The principal lesson to be seen in the typical Day of Atonement is that it leads to atonement between God and man, for the priesthood (i.e., the faithful heavenly bride of Christ), for the Levites (i.e., the erratic, but ultimately overcoming, heavenly great multitude), and for all the people (i.e., ultimately the whole world of mankind). A second lesson is also manifest: Atonement is to be accomplished in two stages, the Gospel Age for the church, and the Millennial Resurrection Kingdom for the whole rest of Adam’s fallen race.

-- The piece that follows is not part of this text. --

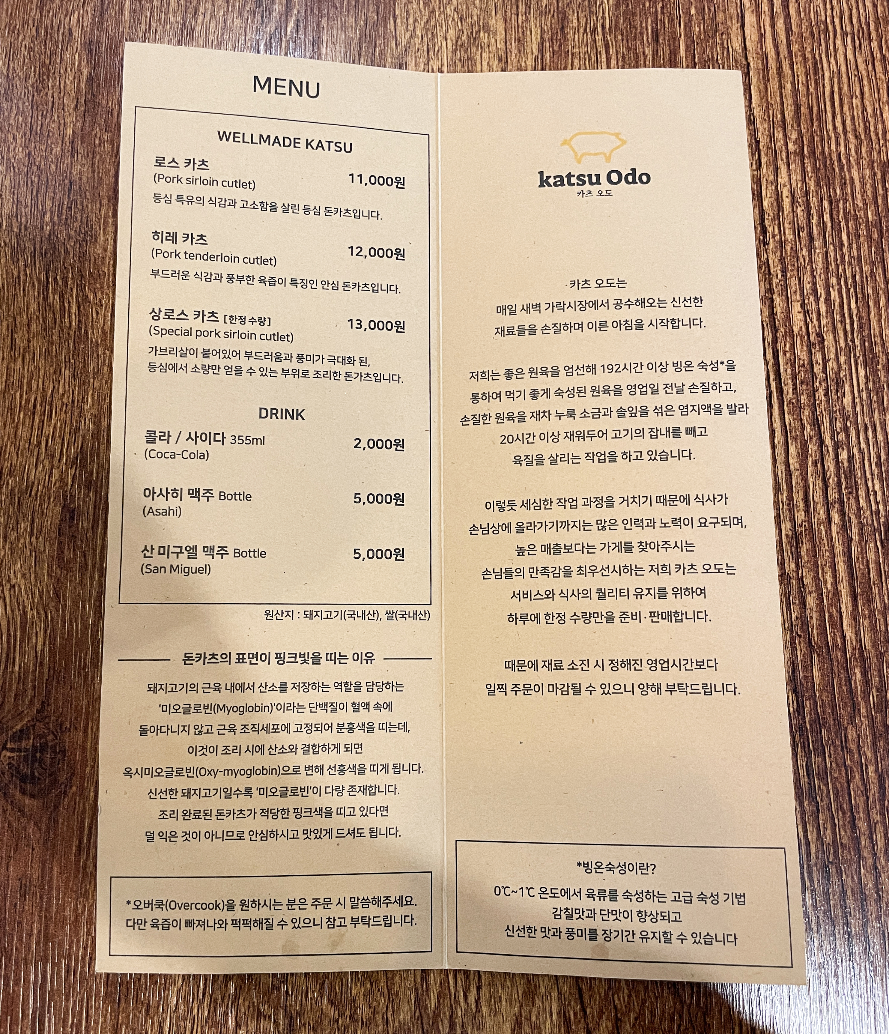 카츠오도의 메뉴는 이렇습니다. 로스카츠, 히레카츠, 상로스카츠 이렇게 세가지만 판매하고 있으며, 카츠오도는 매일 새벽 가락시장에서 공수해오는 신선한 재료들을 손질하여 아침을 시작하고, 좋은 원육을 엄선해 192시간 빙온 숙성을 통해 먹기 좋게 숙성된 고기를 누룩 소금과 솔잎을 섞은 염지액을 발라 20시간 이상 재워두어 고기의 잡내를 빼내고 육질을 살리는 작업을 한다고 합니다. 아무래도 판매하는 고기에 정성이 들어가다 보니 영업시간 전에 재료가 소진되는 경우가 많다고 합니다.

Thus, if we keep in mind our own fallen nature in the present Day of Atonement, we will continue to appreciate our need of Jesus Christ as our Redeemer, we will ‘work out our own salvation with fear and trembling’ (and not with overconfidence), and we will be patient even now with those who miss the mark as Christians, and with the unregenerate world, looking ahead to their day of redemption.
– James Parkinson
{1} Literally, a young bull, a son of plowing horned cattle (or oxen).
{2} Perhaps from the flocks of the priesthood. Jewish tradition has it that the priests bred a pure unblemished strain which was used exclusively for the tabernacle services.
{3} Most offerings were to be for the priesthood to eat of, (Leviticus 7) and even of some sin-offerings, but the Atonement Day sin-offerings were not to be eaten by anyone.
{4} The expression ‘without the camp’ can mean either beyond the tents of Israel or in the buffer zone between the tabernacle and the tents of the Levites; context and common sense should decide in each case.
{5} Or, goat for Azazel, or, goat for removal (or, for departure).
{6} The non-priests of the sons of Kohath, and Gershom and Merari, so served the tabernacle. (Numbers 3)
{7} The latter group, to be ‘the great multitude in heaven,’ must ultimately fully wash ‘their robes, and make them white in the blood of the lamb’. (Revelation 7:9, 13-17; 19:1)
{8} The name means ‘Righteous.’
{9} The fat and the blood were both offered in the sin-offerings of the Atonement Day, (Leviticus 16:14,15,25) but the bodies of the sin-offerings (bullock and LORD’s goat) were burned without the camp.